The lower priced environment spooks investors and puts a magnifying glass on financial leverage, debt structure, free cash flow, working capital, and cost management. Many small and mid-sized firms are scrambling to survive this “financial endurance challenge” – generating enough cash to stay afloat. Over-leveraged companies are focused on seeking liquidity. Well-hedged E&Ps experience a temporary reprieve while evaluating their go-forward investment portfolio.
Yet 3 Principles remain across the Energy Value Chain
- Price volatility is inherent to the industry
- Sharp swings in price require a rationalization of strategy
- Operational efficiency sustains
Energy companies are reacting in this lower priced environment differently – leading companies are planning for the next conquest while others are simply cutting their budgets across the board
Across the value chain, capital budgets have been reduced. Given the increased risk profiles and lower ROI in a lower priced environment, this makes sense for large capital investments. But should the same logic be applied to internal productivity initiatives?
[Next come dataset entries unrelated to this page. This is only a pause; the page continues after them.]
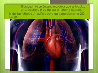 El corazón está dividido en cuatro cavidades: dos aurículas superiores y dos ventrículos inferiores. El corazón derecho recibe sangre de todo el cuerpo y la envía a los pulmones, mientras que el izquierdo recibe sangre oxigenada de los pulmones y bombea a la aorta para distribuirla por todo el cuerpo. El corazón contiene válvulas que regulan el flujo sanguíneo entre las cavidades y está compuesto de varias capas musculares y de tejido conectivo.
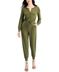 A cinched, self-tie detail defines the waist of this petite knit jumpsuit from Style & Co. Pair this effortless look with heeled sandals for elevated style. Approx. model measurements: height: 5'10"; bust: 31-1/2"; waist: 24"; hips: 35" Approx. inseam: 26-1/2" New and improved fit; please reference size chart Designed to fit and flatter 5'4" and under frame Round neckline; button closures at bodice Cinched, self-tie detail at waist Slant pockets at hips Rayon/spandex Machine washable Imported Web ID: 13518245
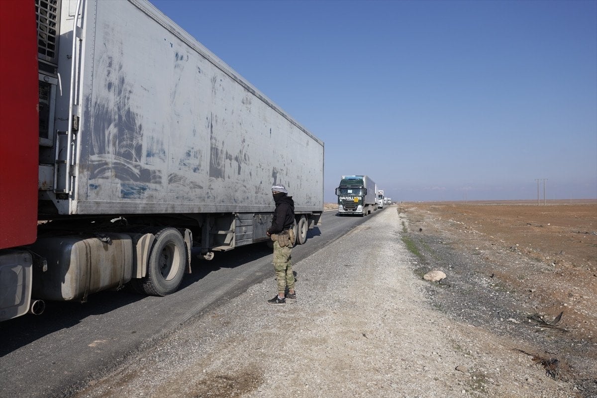 Aynı şekilde, başkent Şam’dan yola çıkan 10 gıda yüklü yardım tırı BM eşliğinde YPG’nin işgalindeki Haseke, Kamışlı hattına doğru ilerledi.
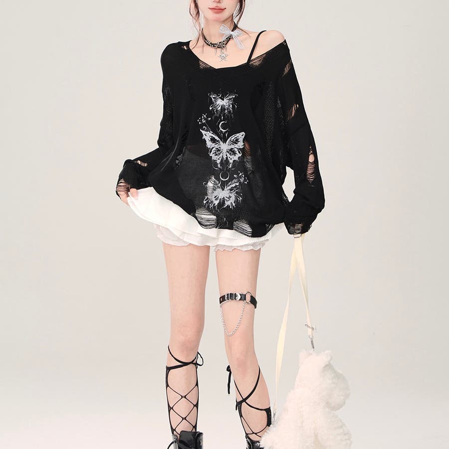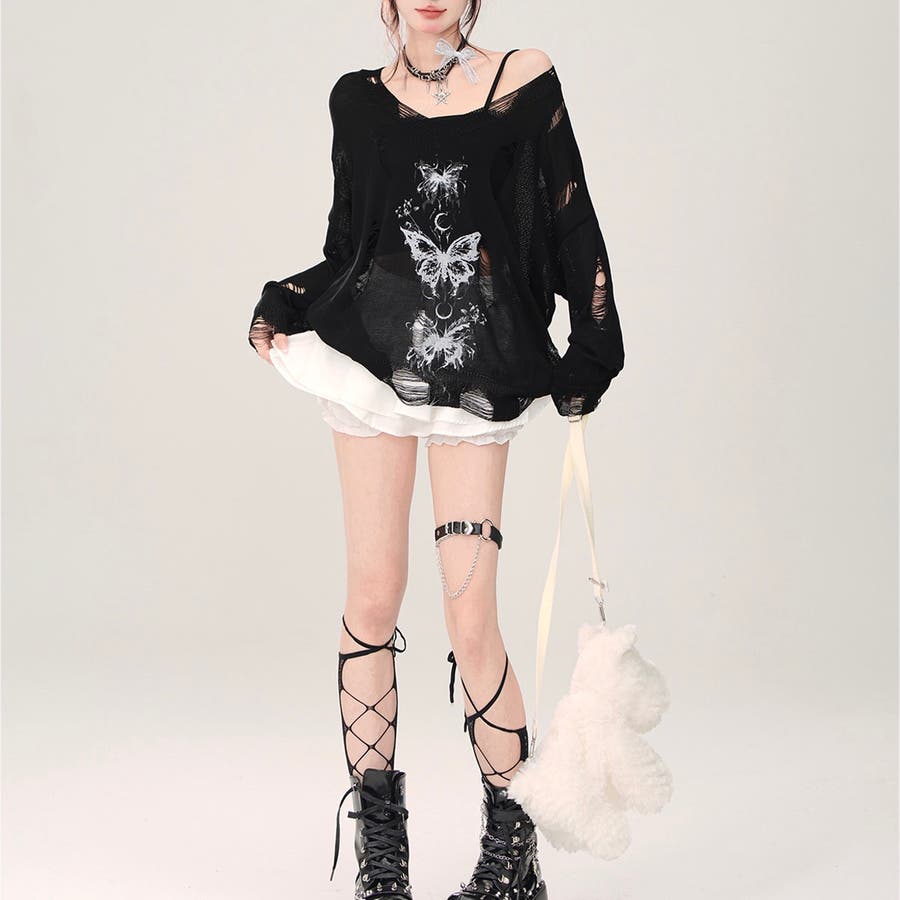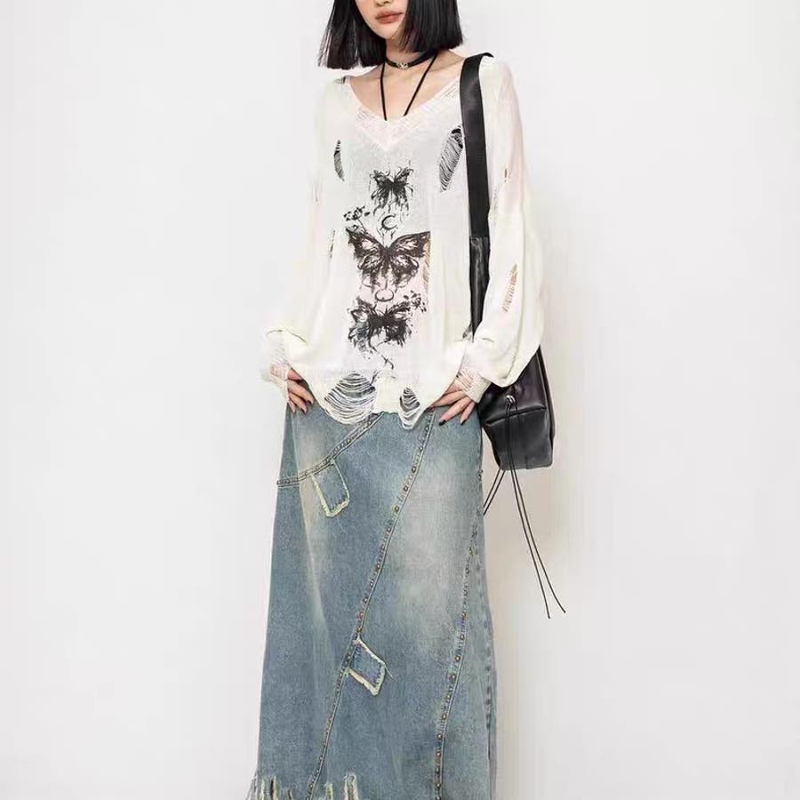 ダメージデザインが抜け感をプラスし、ガーリーにもストリートにも着まわせる万能アイテム。
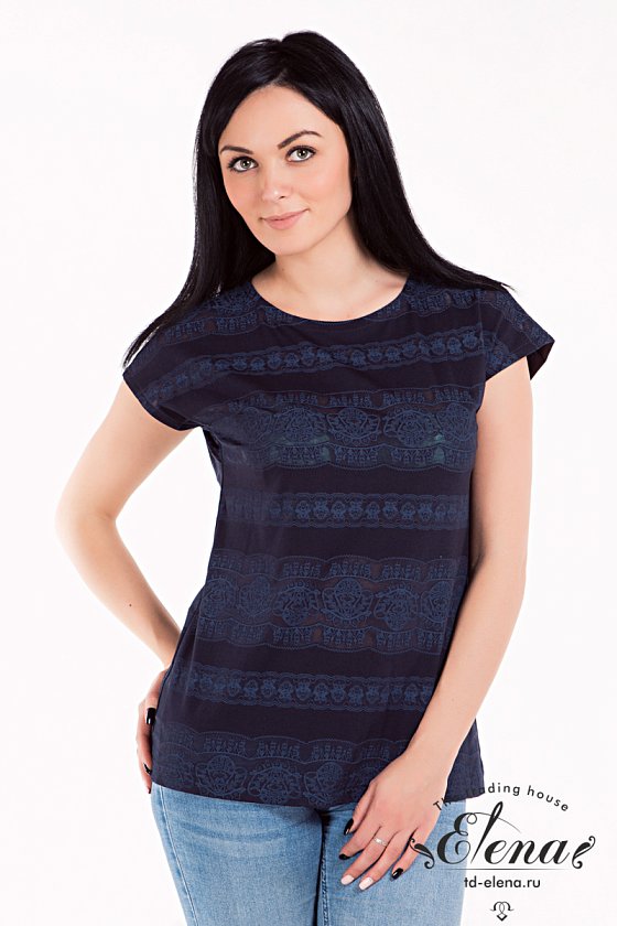 Футболка пошита из деворе - ткани, украшенной декоративным фактурным рисунком, напоминающим витраж. Горловина имеет круглый вырез, рукав короткий, цельнокроеный.
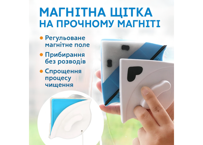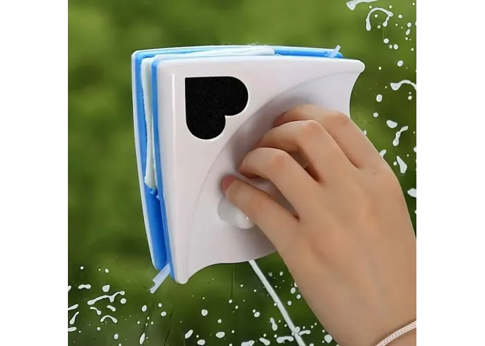 Щетка оснащена двумя магнитами на каждой половине, что обеспечивает надежное соединение через стекло толщиной от 3 до 8 мм. Хлопковые салфетки эффективно удаляют грязь и пыль, оставляя поверхность чистой и блестящей. Эргономичная ручка не только обеспечивает комфортное использование, но и защищает ваши руки от воздействия воды и моющих средств.
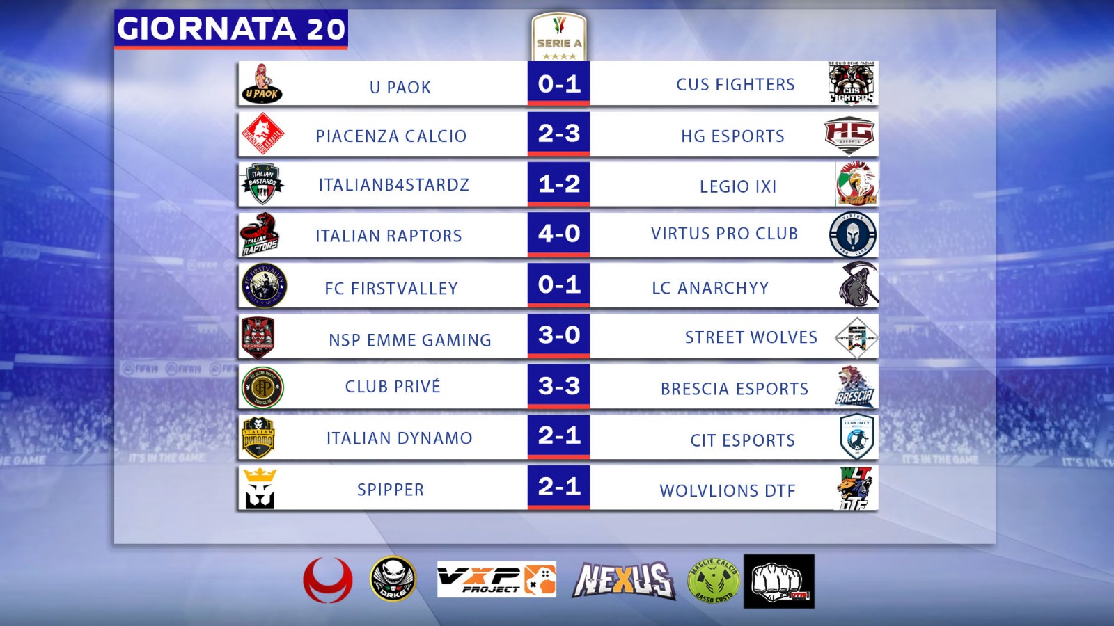In Cus Fighters tornano a vincere nella Serie A del VPG Italy. Nella 20ma giornata sono andati a segno anche Hg eSports, Legio IXI, Italian Raptors, Lc Anarchy, Nsp Emme Gaming, Italian Dynamo e Spipper. Pareggio combattuto, 3-3, per Club Privè e Brescia eSports. Ecco tutti i risultati:
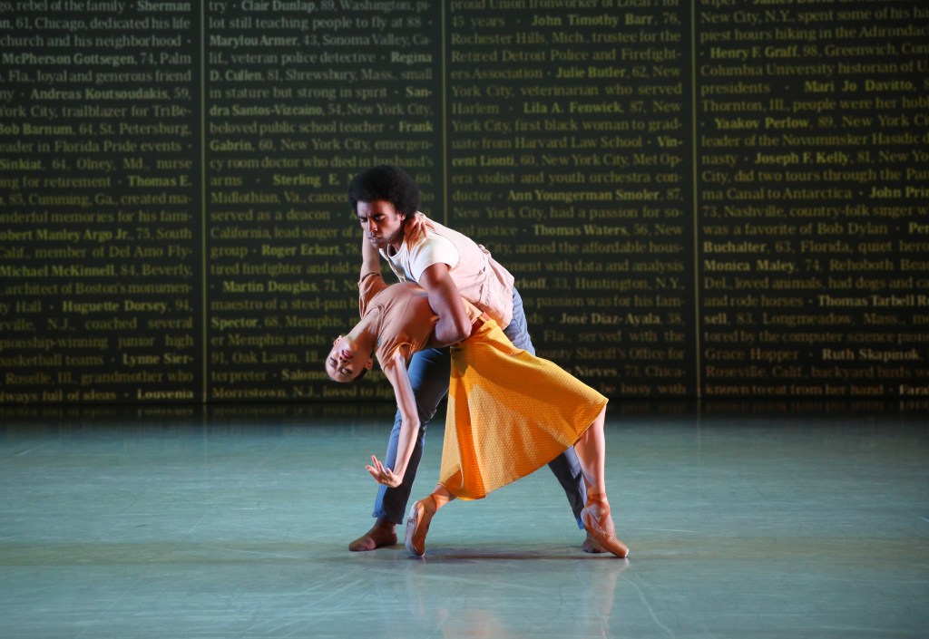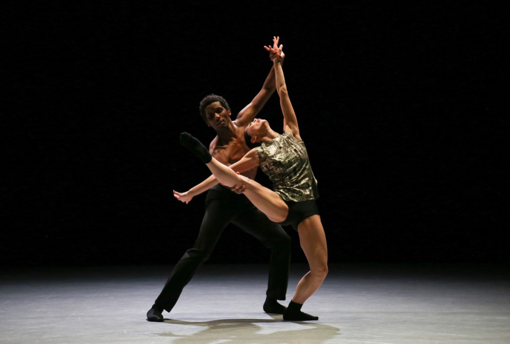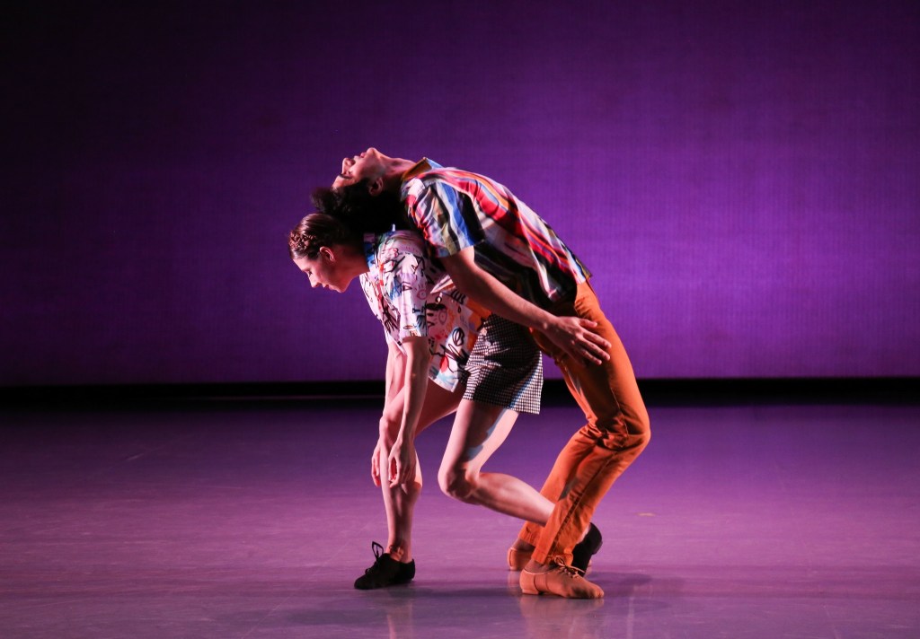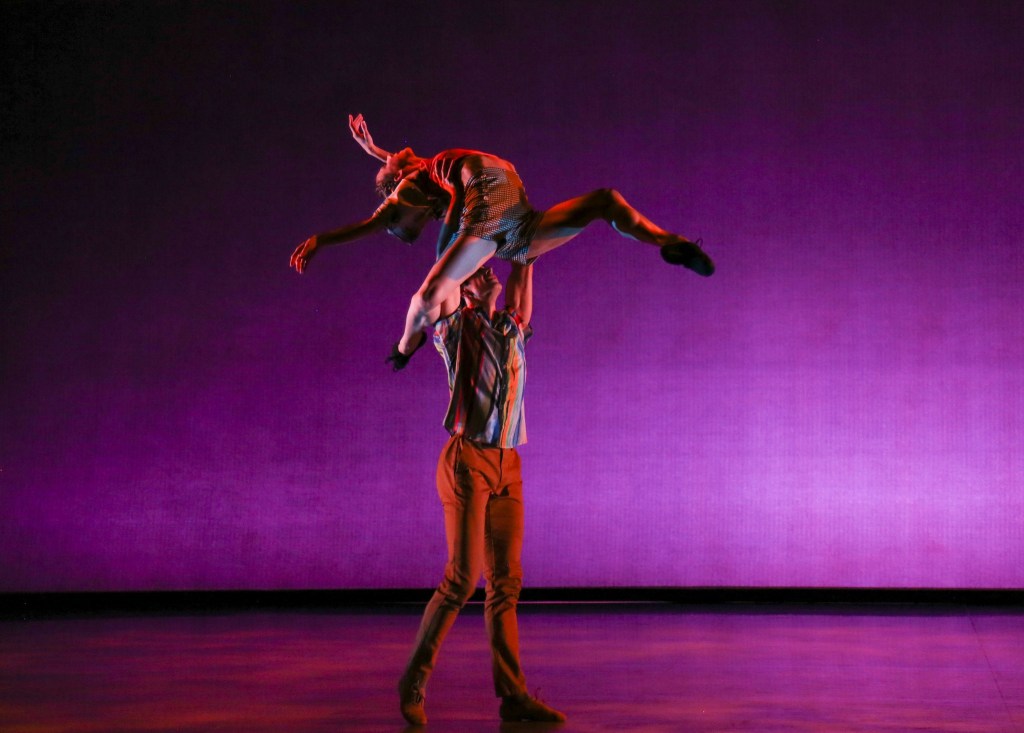 The program opened with a colorful, upbeat work by Joshua L. Peugh, the New Mexico-based founder and artistic director of Dark Circles Contemporary Dance. Slump defies categorization with its musical environment ranging from Klezmer Juice (described online as Jewish Soul musicians) to Peruvian singer Yma Sumac to jazz icon Ella Fitzgerald. The women are dressed in 1950s-style party dresses with crinoline underskirts that give a sassy nod to tulle tutus while emphasizing the pointedly un-classical and often upside-down lifts with one leg hooked around the partner’s neck.

Should process improvement, operational efficiency, and automation initiatives be moth-balled until a higher priced environment emerges?
If your strategy is to sell your part of the kingdom, then this isn’t for you… But if you were planning to conquer more land and expand your empire, don’t tell your forces to stand-down just yet.
Cost management should always be a focus – operational efficiency leads to better returns.